Recorded data:

++++++++

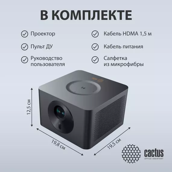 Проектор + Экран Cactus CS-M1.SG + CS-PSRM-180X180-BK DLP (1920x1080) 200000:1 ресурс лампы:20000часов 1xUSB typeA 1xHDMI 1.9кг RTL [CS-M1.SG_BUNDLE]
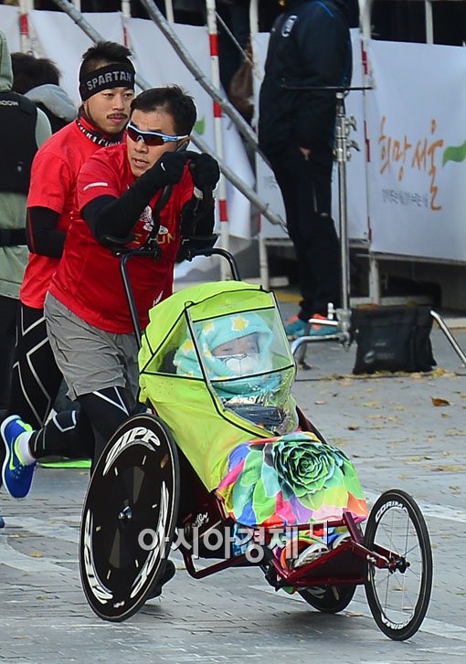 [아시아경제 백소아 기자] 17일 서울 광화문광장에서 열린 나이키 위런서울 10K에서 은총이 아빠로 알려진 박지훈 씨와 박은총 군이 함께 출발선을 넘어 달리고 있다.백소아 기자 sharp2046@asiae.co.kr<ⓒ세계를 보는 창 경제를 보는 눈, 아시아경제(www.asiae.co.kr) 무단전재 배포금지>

++++++++

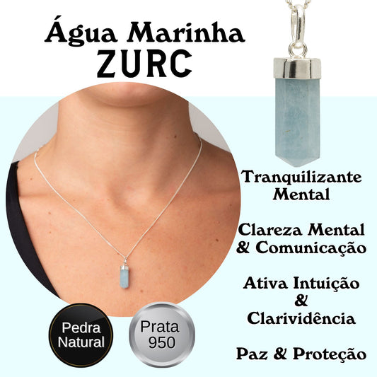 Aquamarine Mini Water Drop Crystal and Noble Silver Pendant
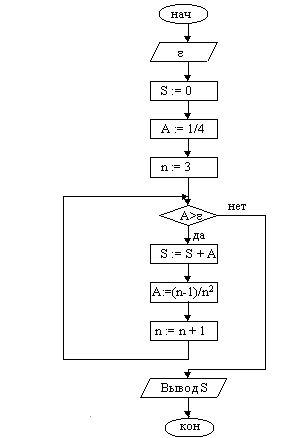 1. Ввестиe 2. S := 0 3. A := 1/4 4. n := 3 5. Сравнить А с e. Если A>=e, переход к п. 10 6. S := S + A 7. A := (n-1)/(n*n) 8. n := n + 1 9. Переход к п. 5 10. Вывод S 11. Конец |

++++++++

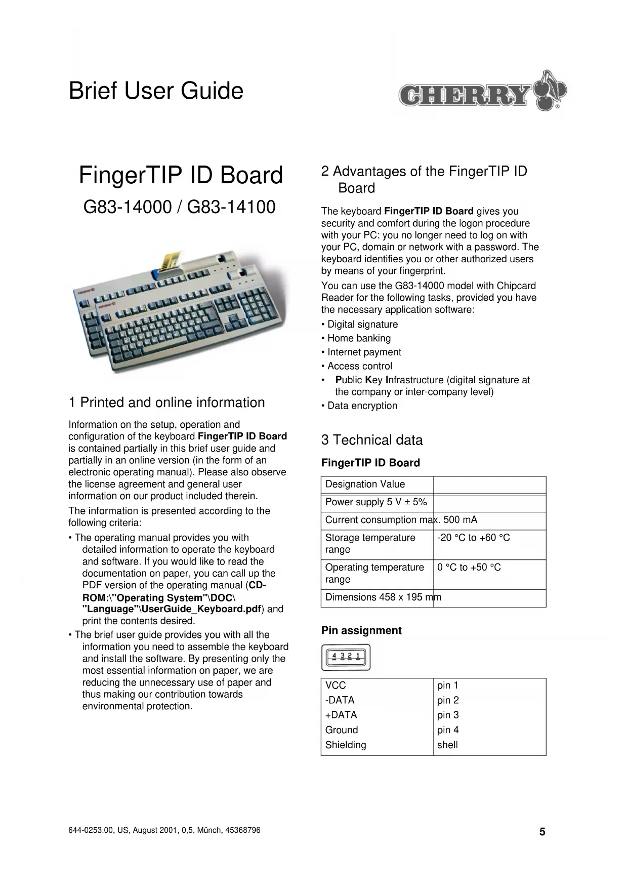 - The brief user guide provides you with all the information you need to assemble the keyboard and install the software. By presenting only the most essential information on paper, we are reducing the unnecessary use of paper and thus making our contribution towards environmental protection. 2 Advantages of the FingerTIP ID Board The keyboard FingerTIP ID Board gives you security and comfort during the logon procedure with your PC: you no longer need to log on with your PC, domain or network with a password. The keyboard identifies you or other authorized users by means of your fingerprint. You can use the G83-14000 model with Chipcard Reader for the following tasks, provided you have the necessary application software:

++++++++

Repeat only the stretch of data above that runs from the line with "Проектор + Экран" to the line with "[아시아경제 백소아 기자]". Keep both end lines; exclude pictures.

 Проектор + Экран Cactus CS-M1.SG + CS-PSRM-180X180-BK DLP (1920x1080) 200000:1 ресурс лампы:20000часов 1xUSB typeA 1xHDMI 1.9кг RTL [CS-M1.SG_BUNDLE]
 [아시아경제 백소아 기자] 17일 서울 광화문광장에서 열린 나이키 위런서울 10K에서 은총이 아빠로 알려진 박지훈 씨와 박은총 군이 함께 출발선을 넘어 달리고 있다.백소아 기자 sharp2046@asiae.co.kr<ⓒ세계를 보는 창 경제를 보는 눈, 아시아경제(www.asiae.co.kr) 무단전재 배포금지>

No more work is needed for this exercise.